Why FB's PayPal Hire Bodes Well for Facebook StockFB poached a second executive from PayPal (PYPL), TechCrunch reports, to head up communications for Messenger. The executive in question, Christina Smedley, had been PayPal’s VP of global brand and communications.

A little more than a year ago, FB hired PayPal president David Marcus to run its Messenger unit. PayPal was still part of eBay (EBAY) at the time.
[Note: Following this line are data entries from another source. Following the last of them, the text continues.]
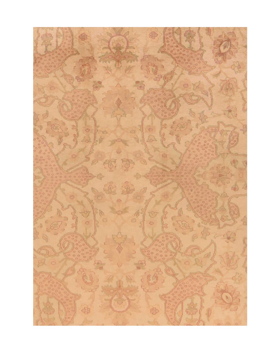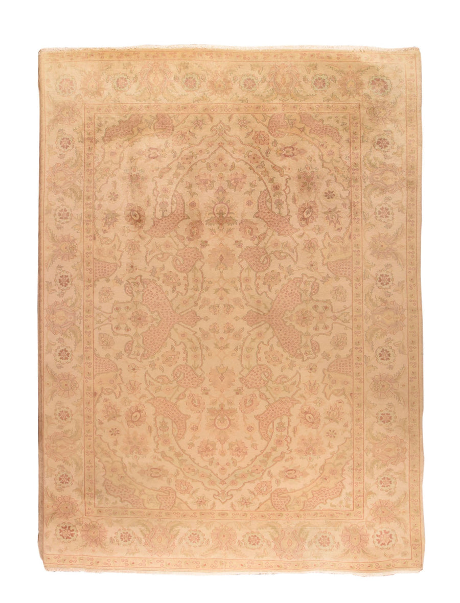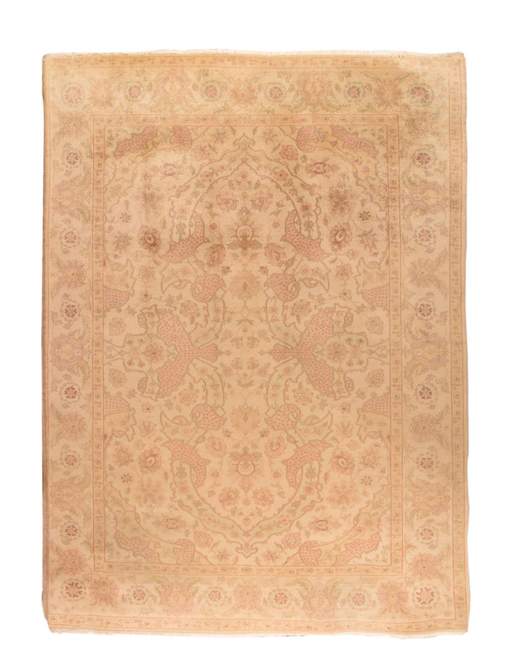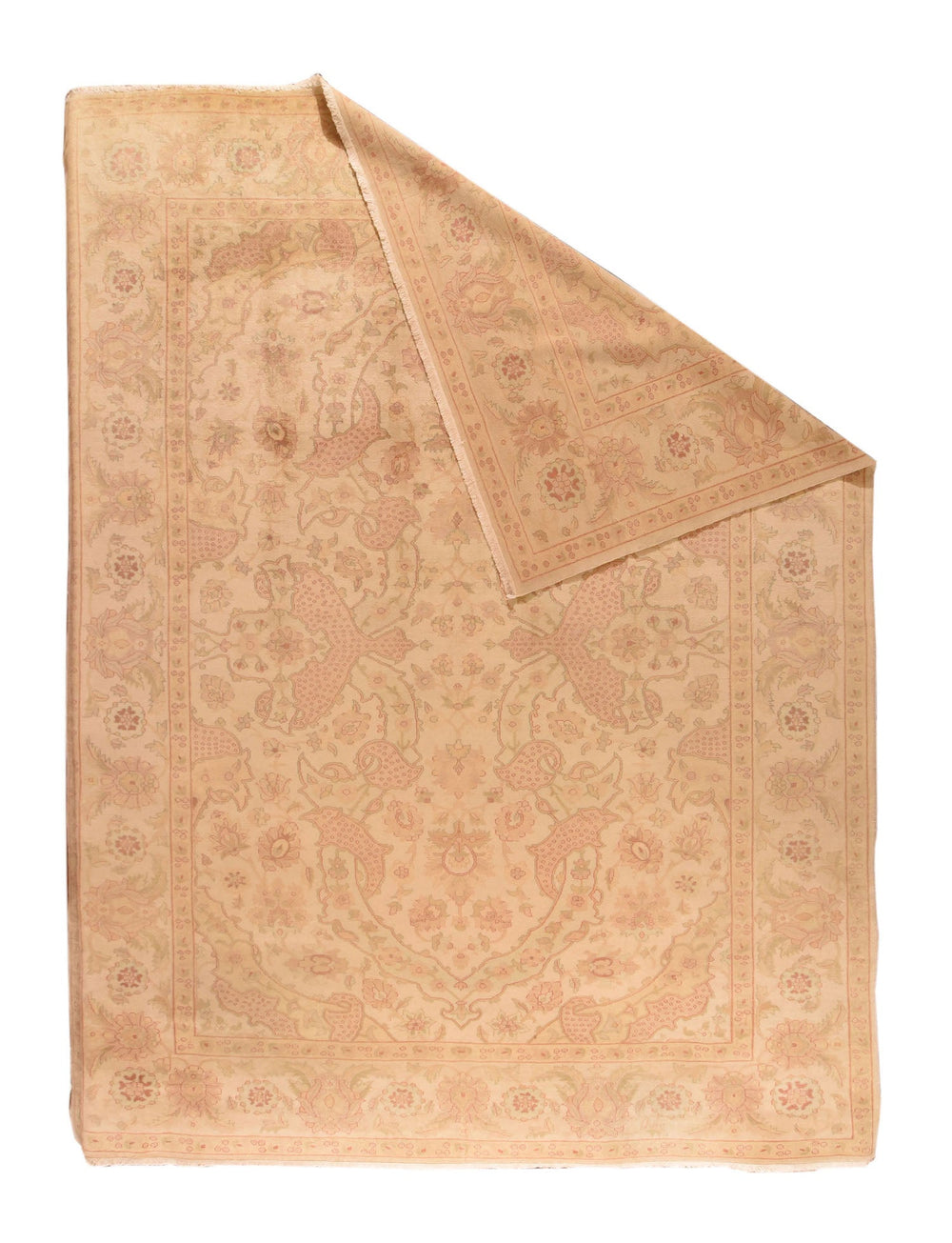 Although light toned and moderately woven, this softly decorative piece shows a bold design of a tall, open, central strap work cartouche, with strap work corner sections, all in tones of sand-straw and light brown. Tonally en suite border with leaf-winged reversed palmettes. Good condition.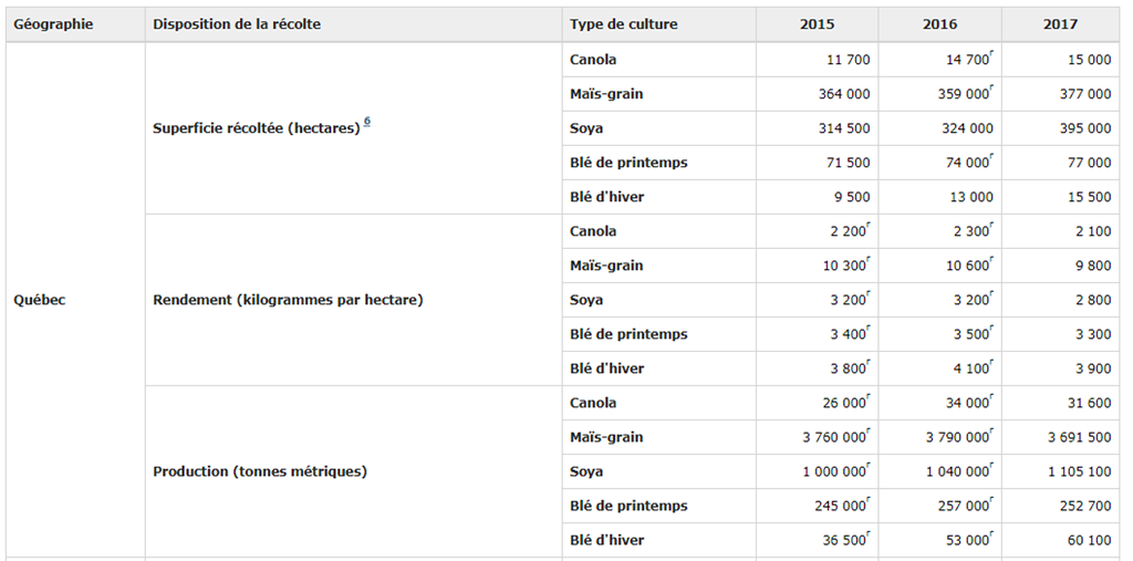 Via Statistiques Canada, Estimations des principales grandes cultures basées sur des modèles, 2017 (pour plus d’info, notamment sur le blé)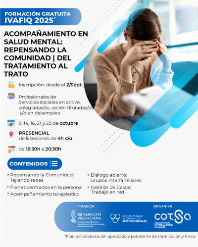 Abrimos inscripciones para el nuevo curso gratuito “ACOMPAÑAMIENTO EN SALUD MENTAL:REPENSANDO LA COMUNIDAD: DEL TRATAMIENTO AL TRATO”. Formación financiada por el Institut Valencià de Formació, Investigació i Qualitat dels Serveis Socials.

As TechCrunch noted, FB hinted that Marcus would be looking for ways to monetize Messenger outside of using ads.

No, there’s nothing here to change the thesis on Facebook stock, but these are the kind of strategic moves Facebook needs to make if it hopes to get a piece of the digital payments pie.

There’s a reason why FB, Alphabet’s (GOOGGOOGL) Google, PayPal, Twitter (TWTR), Apple (AAPL) and others are competing for dominance in mobile payments. An analysis by Accenture shows that cash, credit and debit card payments add up to about $13 trillion annually.

More importantly, the digital payments market is growing at a healthy clip — as much as 8% per year, according to industry reports. If just a small percentage of those $13 trillion in transactions move to digital, this market will explode.

Indeed, consumers are expected to make more than $140 billion in mobile payments by the end of the decade, according to Forrester, a market research and consulting firm.

Facebook Struggles in e-Commerce

Naturally, Facebook very much wants in on such a potentially lucrative market. Unfortunately for anyone holding FB stock, the company has mixed success with e-commerce so far.

As TechCrunch notes, Facebook Gifts never developed into a well-used service and was eventually shut down. FB also went with Foursquare-like “check-in” features, but they haven’t worked when it comes to generating revenue. And those are just a couple of examples.

The bottom line is that FB’s revenue from payments came to $215 million in the most recent quarter, or less than 6% of total top-line results. That’s not quite immaterial, but close. Worse, payments revenue was off by 8% year-over-year.

The numbers make it plain that FB payments efforts need significant attention and investment. The market for such services is simply too large to miss out on.

FB is already paying catch up with Apple Pay and Google’s Android Pay. So anyone holding Facebook stock should welcome this latest hire as a sign that it’s serious about not falling farther behind.

As of this writing, Dan Burrows did not hold a position in any of the aforementioned securities.